Мы с Соней Витухновской, две девчонки, притащили туда свои работы (мне было двадцать, ей — двадцать два). Все остальные были настоящими художниками. Мы попросили: «Ну, пожалуйста, посмотрите…». И расставили работы перед членами приемной комиссии. Те посмотрели, помолчали, потом вдруг спрашивают: «Девочки, а вы хотите учиться?». Мы онемели. Нас выручила одна женщина из приемной комиссии: «А зачем они, по-вашему, показывают работы? Вы что же думаете — они принесли работы и учиться не хотят?». И нас приняли.
Так наступили три года моей учебы в институте. Эти три года — вся моя профессиональная подготовка. Дома я рассказала о своем поступлении в институт только тогда, когда все уже произошло. А у папы была своя мечта.

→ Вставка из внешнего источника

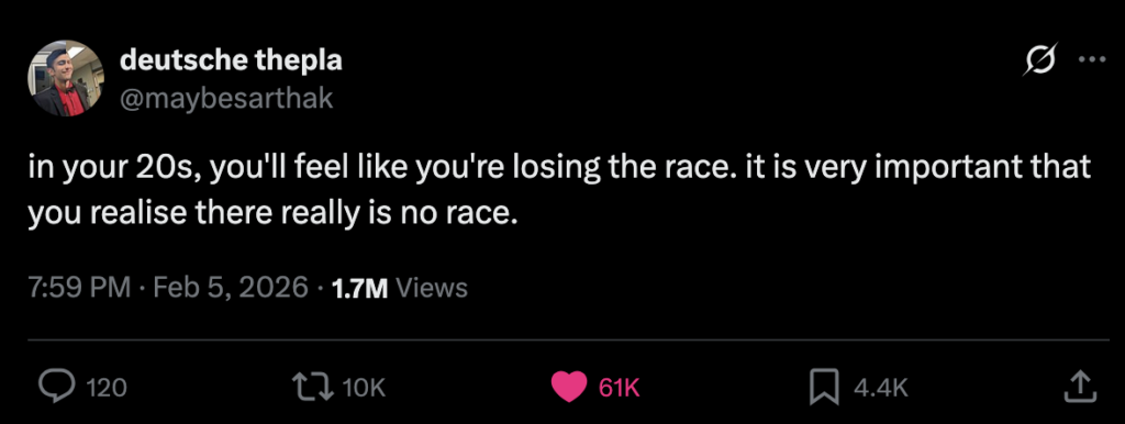 As I internalised the reality of reaching ‘unc status’ now that I was 30, I realised that I had already done all the hand-wringing I possibly could about being 30. Every possible form of media that you see constantly pushes this idea that the 20s are the ‘prime years of your life’, that it is your peak, and that you should not waste it. If you were to speed-run a decade of your life, this was meant to be it.

Дело в том, что он, будучи человеком необыкновенно талантливым, просто из любви к предмету разработал свой собственный, очень интересный подход к пластической анатомии. Это была динамическая анатомия в отличие от той, статической, которую обычно преподают. Знать, как расположены мышцы, кости, как они называются, недостаточно. Важно, как они работают, когда какая мышца напряжена, а какая — ослаблена.

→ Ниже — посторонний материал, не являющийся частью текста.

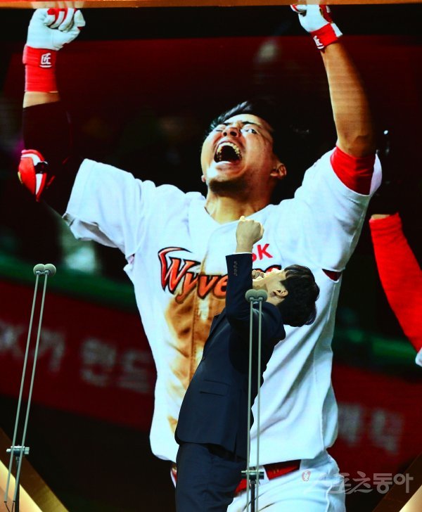 10일 서울 코엑스에서 열린 ‘2018 골든글러브 시상식’에 참석한 SK 한동민이 골든포토상을 수상한 뒤 포즈를 따라하고 있다.

Папа подал документы в тот же институт. Он решил преподавать там этот курс. Узнав об этом, я расплакалась: я очень гордилась, что поступила в институт сама, а теперь мне никто не поверит, все будут показывать на меня пальцем: «Вот дочка нашего профессора!». Папа забрал документы. Он понял, что поступление было для меня актом самоутверждения. В результате я лишила папу его мечты, а художников — необыкновенно интересного преподавателя и совершенно нового принципа пластической анатомии.
В институте я попала в мастерскую к Василию Бакшееву. А когда я оказалась там из немногих лучшей, меня перевели к Борису Иогансону — для народного художника Иогансона собирали из разных мастерских группу лучших учеников. Бакшеев возражал, говорил, что в мастерских должны быть разные люди, поскольку более слабые ориентируются на сильных, и был прав. Но его не послушали.
Не стану говорить об Иогансоне как художнике, это дело искусствоведов. Но педагогом он был никудышным. Спасибо ему просто за то, что не мешал нам учиться самим. Положение Иогансона оказалось непростым. Собрались люди не намного моложе его, половина из них закончила ВХУТЕМАС. Поэтому он дал нам полную волю, и мы ею воспользовались. Мы же учились не для того, чтобы отбыть определенное количество часов, сдать экзамены и уйти. И очень много работали сами, в том числе над фактурой. Писали не только кистью, а рваными бумажками, куриными перьями, сочетали это с гладкой фактурой. Решали какие-то невероятные, чисто формальные задачи. Иогансон подходил, смотрел — и уходил, за что я ему благодарна.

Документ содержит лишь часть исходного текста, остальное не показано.